Greater Charleston is experiencing exponential growth. It also welcomes eight million visitors per year, a big driver of the economy. Academy participants learn how to balance both permanent resident and tourism growth. “Healthy tourism keeps taxes low,” Dix noted. “Good schools, a fire and police presence and sustaining healthy communities are the things buyers and sellers focus on. We are teaching that the beauty of local government is paving roads, picking up trash, and maintaining and improving the quality of life.”

Because Charleston has one of the richest architectural histories in the nation, the academy also teaches about how to protect the skyline and how to evaluate redevelopment that is sensitive to historic districts.

Participants learn about accessory dwelling units, missing middle housing, other diverse, affordable housing types, and that higher density does not have to mean taller buildings. Missing middle housing includes duplexes, triplexes, fourplexes and bungalows as well as cluster homes and cottage courts.

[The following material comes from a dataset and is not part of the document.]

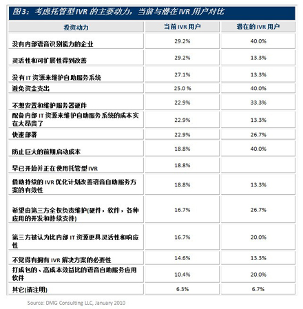 圖3顯示了現有和潛在的語音自助服務用戶尋求托管型IVR的主要動力來源。潛在客戶認真考慮托管型IVR解決方案的兩個很明顯的原因是避免大的資金開銷和最小化啟動成本,在經濟不景氣時這樣的做法并不令人意外。另外還有個原因是希望一邊使用該方案一邊積累經驗和知識。

The academy is very hands on about preparing people to run for election. Many of its graduates serve on boards and commissions as well as in elective office. Kristy Gore is a Charleston Area REALTOR® and Civic Leaders Academy alum who serves on the Berkeley County Planning and Zoning Commission. She is running for South Carolina House District 99, gearing up for the primary.

“Most of my platform is tax reform and infrastructure. We are in an infrastructure crisis, so we must reallocate money for roads and bridges,” she said, saying fiscally conservative policy can reduce tax burden while redirecting funds to pay for the basics.

Gore said she learned to navigate difficult decisions while reviewing controversial developments during her year and a half on the planning and zoning commission.

“A planning vote recently dealt with a medium-sized commercial parcel that backed up to residential. I have become very familiar with wetlands in my real estate career. I have seen individual homeowners end up paying dearly for planning and zoning decisions done poorly. I voted against a plan to change the zoning for that commercial plan,” Gore said, noting that the plan ultimately was approved.

A no vote can cause a developer to pay attention more to neighborhood flooding concerns. She said a developer can revise a plan, creating less concrete lot coverage and more on-site ponds, before a council gives its final approval. “We have to be responsible in our development. The leadership class was very eye opening.”